● **GOAL OF THE EXERCISE**
Return the lines beginning at the one that contains "Leistungsstarke Akku-Hecken-schere Cedrus" and running to the end of the records, exactly and with nothing else. Omit pictures.

[Records contained in a dataset]

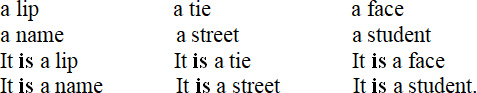 5. Прочитайте слова и предложения. Читайте слитно, понижая голос в конце фразы. Обратите внимание на употребление глагола связки is в третьем лице единственного числа.
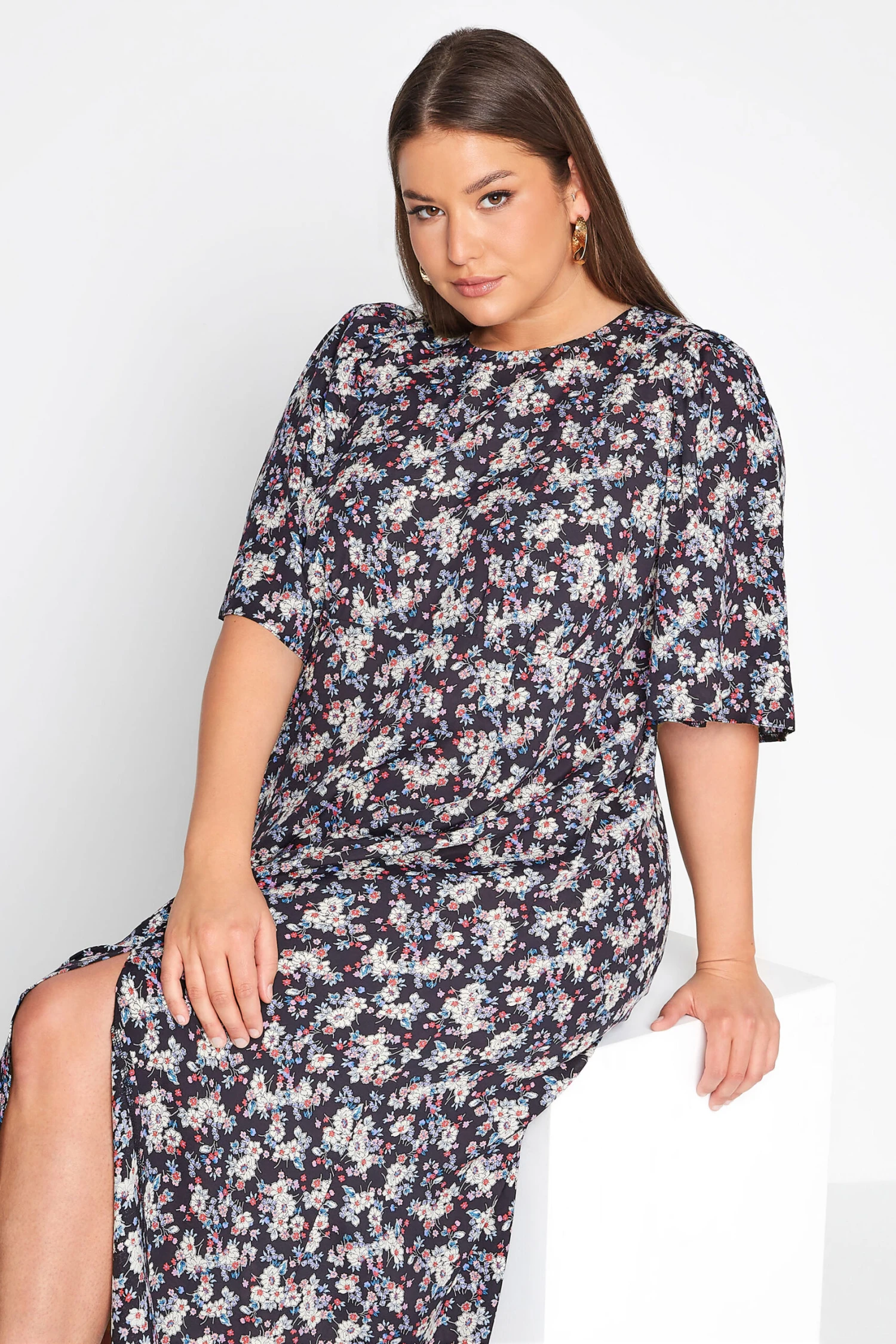 Feel your most confident in this plus size ditsy midi dress. Made from a soft woven fabric, it features a scoop neckline, short flare sleeves and a side split hem. Style with your favourite heels and clutch bag for a look you can rely on.
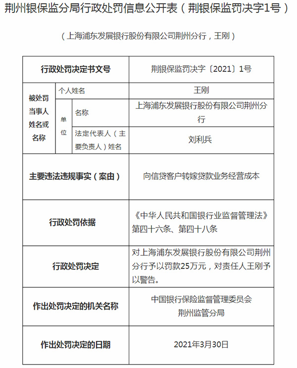 根據(jù)公告,上海浦東發(fā)展銀行荊州分行因向信貸客戶轉(zhuǎn)嫁貸款業(yè)務(wù)經(jīng)營成本的違法違規(guī)行為,依據(jù)《中華人民共和國銀行業(yè)監(jiān)督管理法》第四十六條、第四十八條,荊州銀保監(jiān)分局對上海浦東發(fā)展銀行股份有限公司荊州分行予以罰款25萬元,對責(zé)任人王剛予以警告。行政處罰決定書文號為:荊銀保監(jiān)罰決字〔2021〕1號。(冀東)
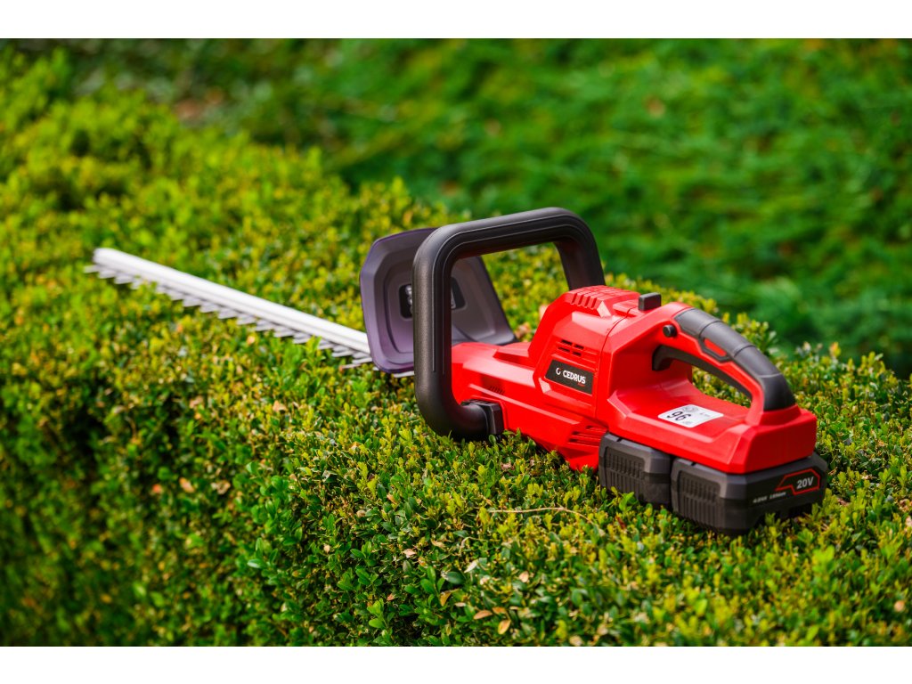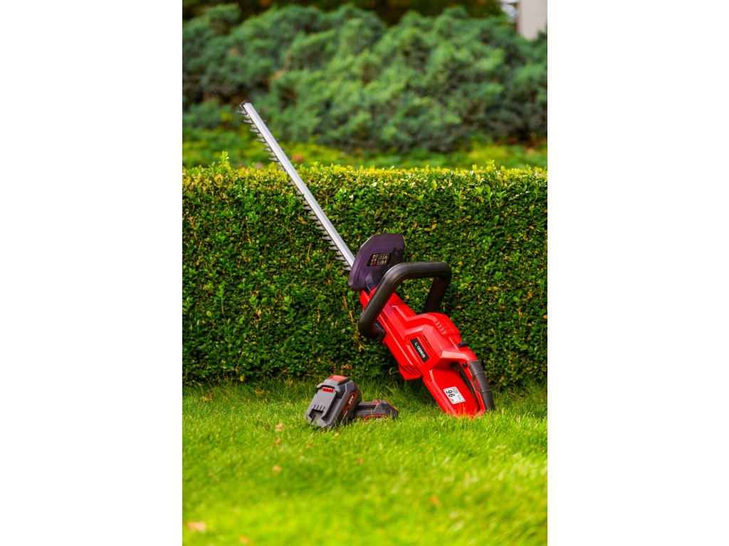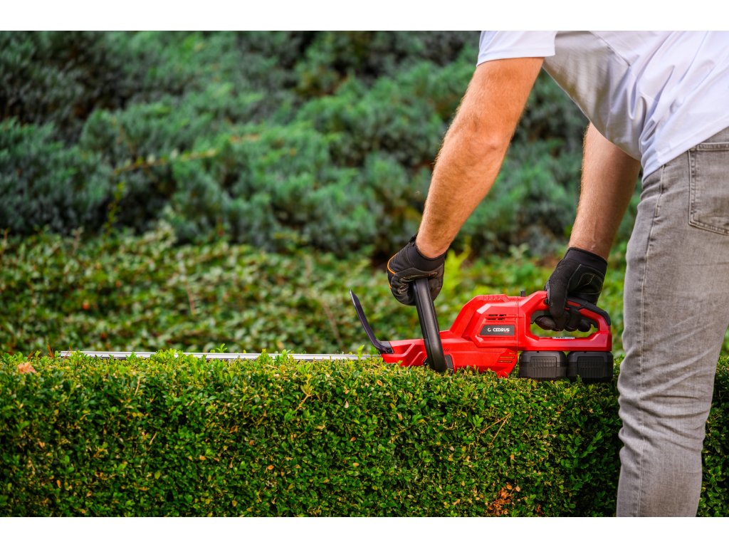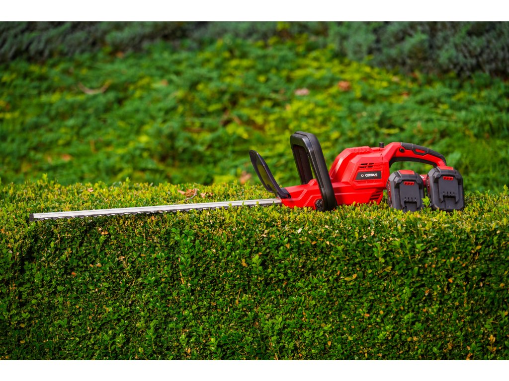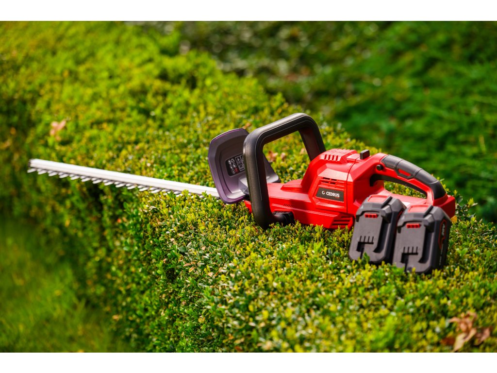 Leistungsstarke Akku-Hecken-schere Cedrus CEDHT520LIX2 mit zwei 20V Li-Ion-Akkus und einer Klingenlänge von 520 mm. Dank des ergonomischen Designs und des drehbaren Griffs ermöglichen sie eine einfache und komfortable Handhabung.
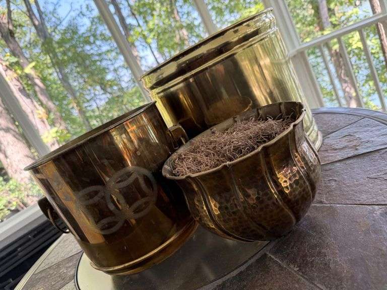 Elevate your greenery with this eye-catching trio of brass planters. The set includes one large cylindrical planter and one smaller bucket planter with handles and a decorative logo. Also included is a smaller hammered planter.
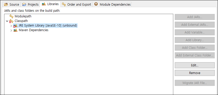 Project를 우클릭 해준 뒤 "Build Path" -> "Configure Build Path..." 클릭
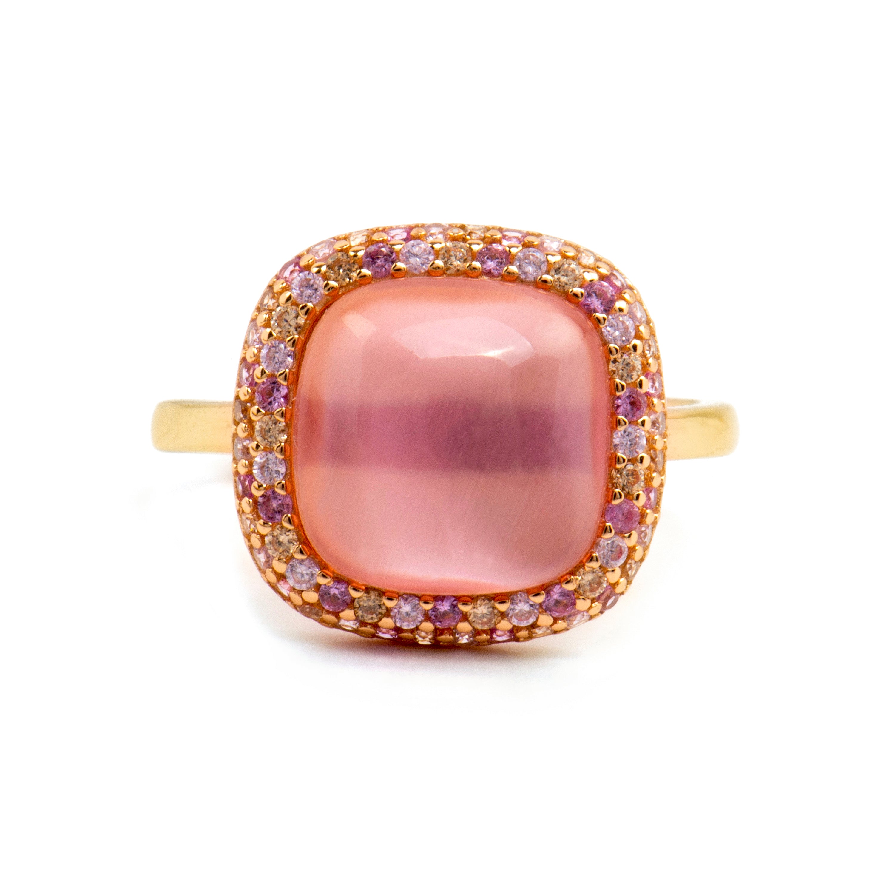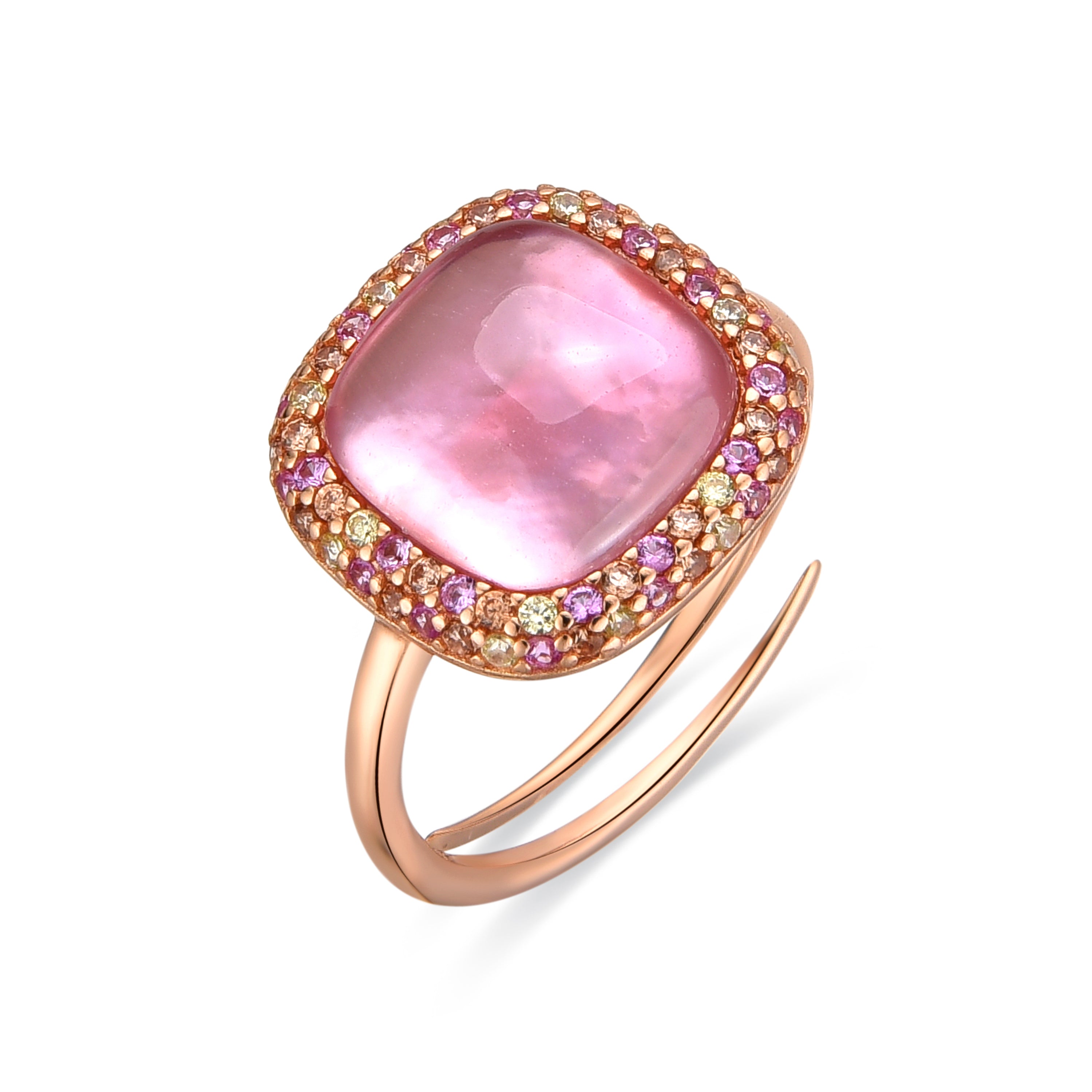 Baddal Ring in 925 Sterling Silver and Double Pink Mother of Pearl / Crystal finished in 18k yellow gold

● **SOLUTION TO THIS TASK**
 Leistungsstarke Akku-Hecken-schere Cedrus CEDHT520LIX2 mit zwei 20V Li-Ion-Akkus und einer Klingenlänge von 520 mm. Dank des ergonomischen Designs und des drehbaren Griffs ermöglichen sie eine einfache und komfortable Handhabung.
 Elevate your greenery with this eye-catching trio of brass planters. The set includes one large cylindrical planter and one smaller bucket planter with handles and a decorative logo. Also included is a smaller hammered planter.
 Project를 우클릭 해준 뒤 "Build Path" -> "Configure Build Path..." 클릭
 Baddal Ring in 925 Sterling Silver and Double Pink Mother of Pearl / Crystal finished in 18k yellow gold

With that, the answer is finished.